--- REQUIRED WORK ---
Look through the material below. Return exactly the lines from the one with "Überprüfen Sie die" through the one with "Подсвечник пластик на", both included.

--- SUPPLIED RECORDS ---

════════

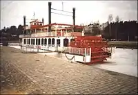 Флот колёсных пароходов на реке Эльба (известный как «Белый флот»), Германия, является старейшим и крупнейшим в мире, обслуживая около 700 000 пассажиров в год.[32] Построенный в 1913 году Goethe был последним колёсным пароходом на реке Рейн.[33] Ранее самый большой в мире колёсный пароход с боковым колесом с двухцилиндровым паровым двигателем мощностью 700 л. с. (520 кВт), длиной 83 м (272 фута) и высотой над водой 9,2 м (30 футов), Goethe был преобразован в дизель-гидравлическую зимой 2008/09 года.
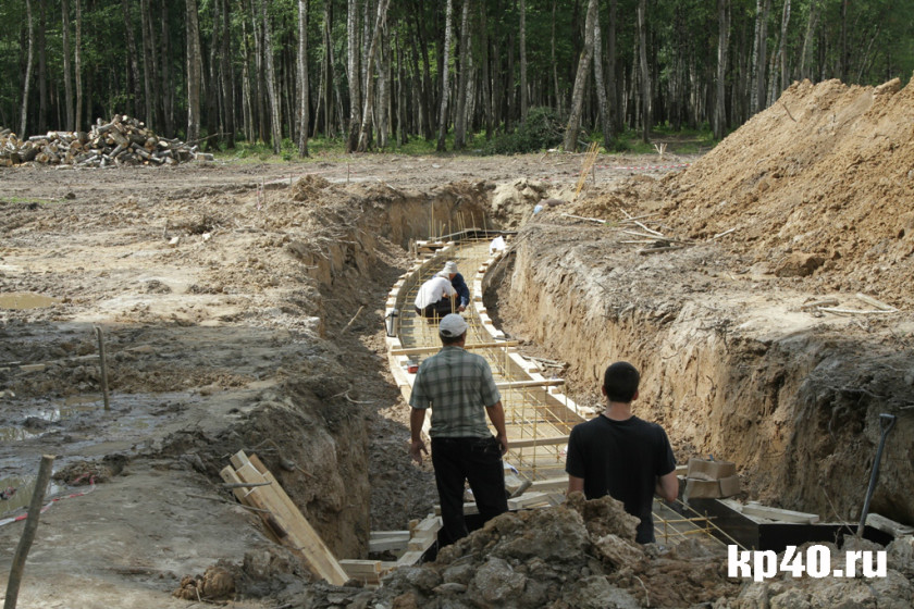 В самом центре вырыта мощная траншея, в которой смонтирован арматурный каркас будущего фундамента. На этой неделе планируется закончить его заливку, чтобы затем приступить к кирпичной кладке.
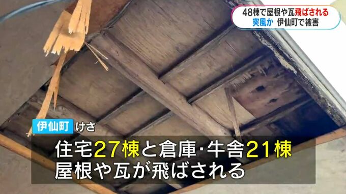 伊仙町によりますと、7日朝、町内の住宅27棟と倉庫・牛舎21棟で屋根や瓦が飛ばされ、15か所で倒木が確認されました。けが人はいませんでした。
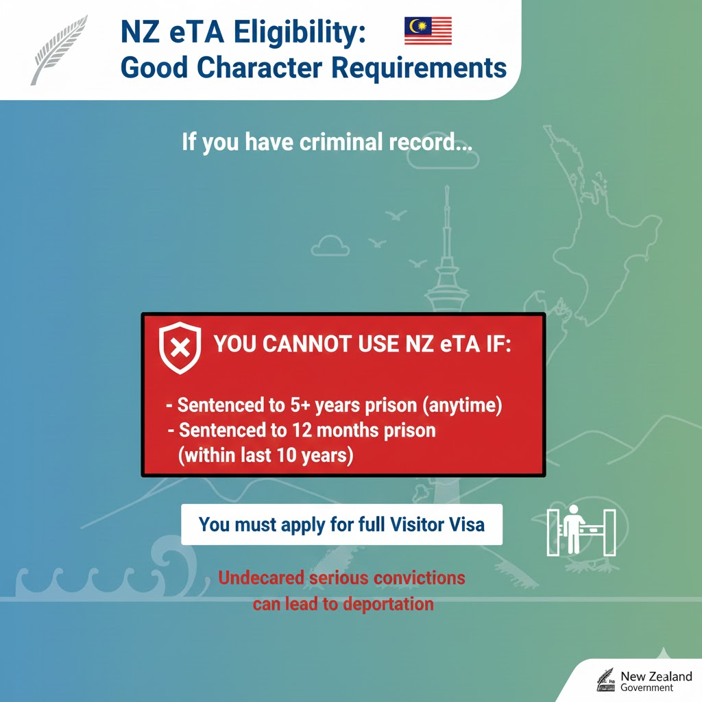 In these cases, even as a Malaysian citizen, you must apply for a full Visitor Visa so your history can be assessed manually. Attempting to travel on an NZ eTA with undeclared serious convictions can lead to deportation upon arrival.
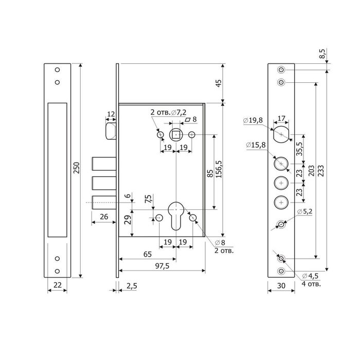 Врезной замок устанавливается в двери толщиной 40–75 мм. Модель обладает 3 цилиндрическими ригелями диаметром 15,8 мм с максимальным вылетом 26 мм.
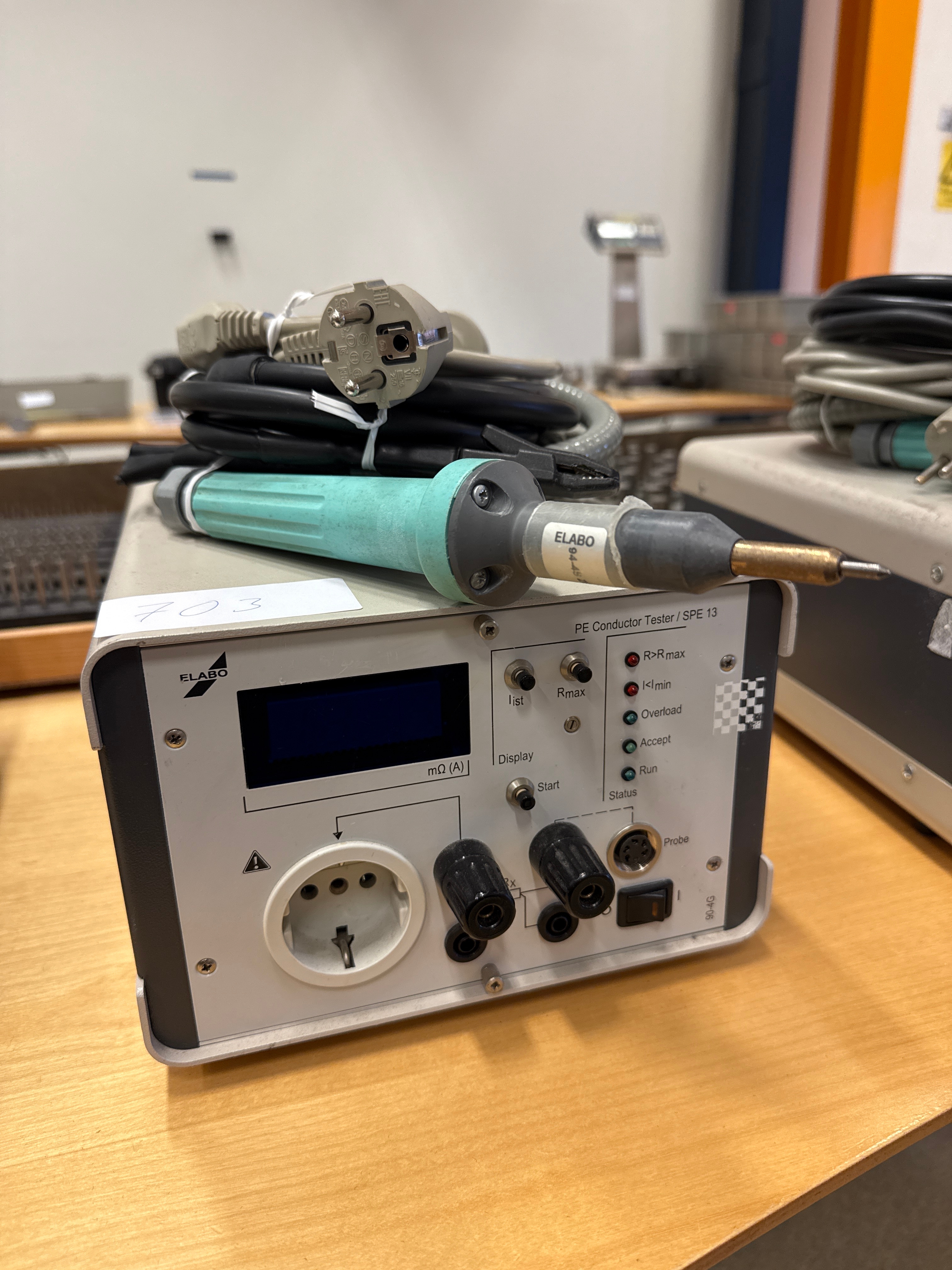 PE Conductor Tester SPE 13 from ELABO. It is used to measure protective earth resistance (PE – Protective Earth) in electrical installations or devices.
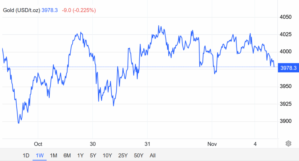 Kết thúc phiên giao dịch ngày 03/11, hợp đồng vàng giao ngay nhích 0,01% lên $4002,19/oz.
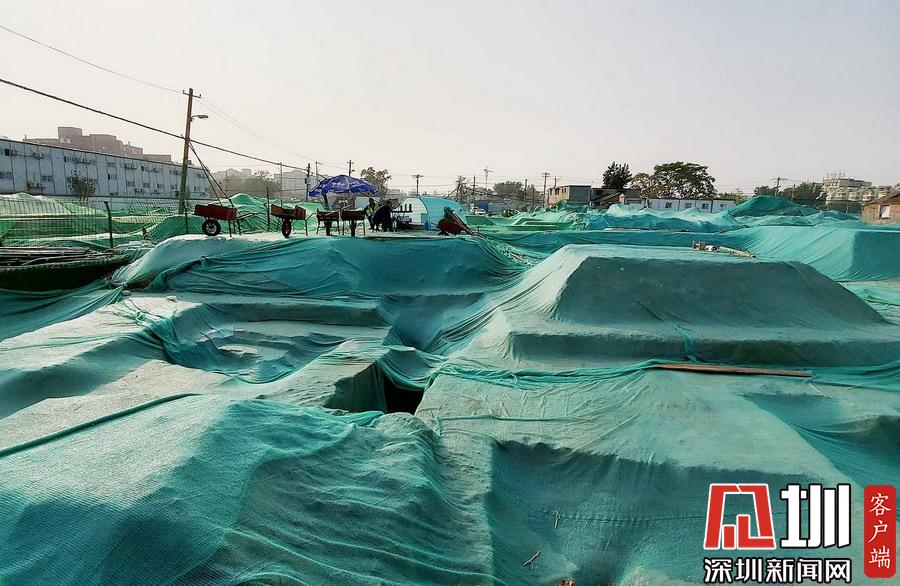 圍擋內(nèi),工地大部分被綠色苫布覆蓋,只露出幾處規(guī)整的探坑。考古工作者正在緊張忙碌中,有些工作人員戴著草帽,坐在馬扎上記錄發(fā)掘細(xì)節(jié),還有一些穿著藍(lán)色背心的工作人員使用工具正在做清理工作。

════════

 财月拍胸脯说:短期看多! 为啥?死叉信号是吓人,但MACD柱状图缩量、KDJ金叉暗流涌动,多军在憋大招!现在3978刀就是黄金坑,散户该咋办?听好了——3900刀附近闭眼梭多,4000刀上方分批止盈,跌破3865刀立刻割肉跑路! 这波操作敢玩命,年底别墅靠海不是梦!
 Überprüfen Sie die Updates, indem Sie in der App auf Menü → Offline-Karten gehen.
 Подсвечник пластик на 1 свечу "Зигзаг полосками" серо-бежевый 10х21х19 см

════════

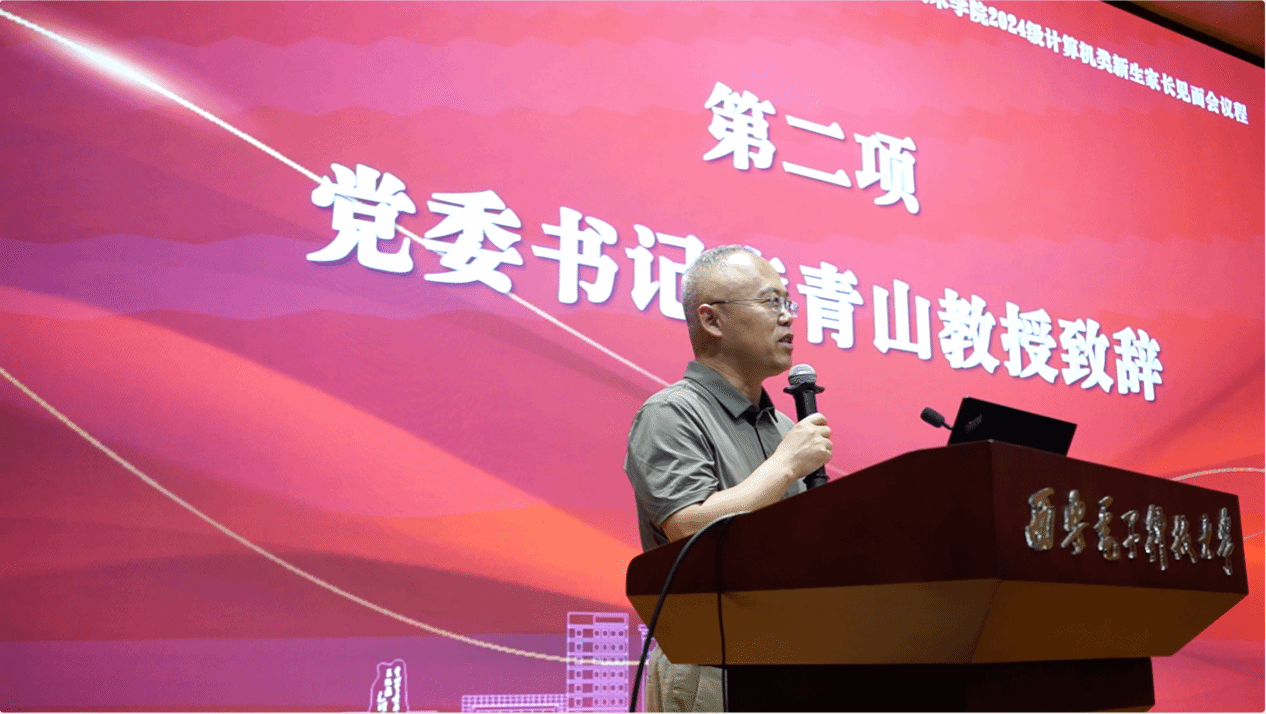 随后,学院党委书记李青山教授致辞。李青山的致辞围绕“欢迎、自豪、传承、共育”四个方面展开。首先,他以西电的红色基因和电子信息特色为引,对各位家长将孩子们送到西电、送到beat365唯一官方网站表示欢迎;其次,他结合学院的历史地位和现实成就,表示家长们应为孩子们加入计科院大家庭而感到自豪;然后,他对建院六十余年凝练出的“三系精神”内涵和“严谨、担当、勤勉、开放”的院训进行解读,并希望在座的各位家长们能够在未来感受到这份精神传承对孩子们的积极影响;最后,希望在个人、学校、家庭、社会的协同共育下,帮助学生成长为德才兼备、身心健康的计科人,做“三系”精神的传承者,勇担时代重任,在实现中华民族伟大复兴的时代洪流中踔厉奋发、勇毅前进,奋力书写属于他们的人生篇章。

════════

--- WRITTEN RESPONSE ---
 Überprüfen Sie die Updates, indem Sie in der App auf Menü → Offline-Karten gehen.
 Подсвечник пластик на 1 свечу "Зигзаг полосками" серо-бежевый 10х21х19 см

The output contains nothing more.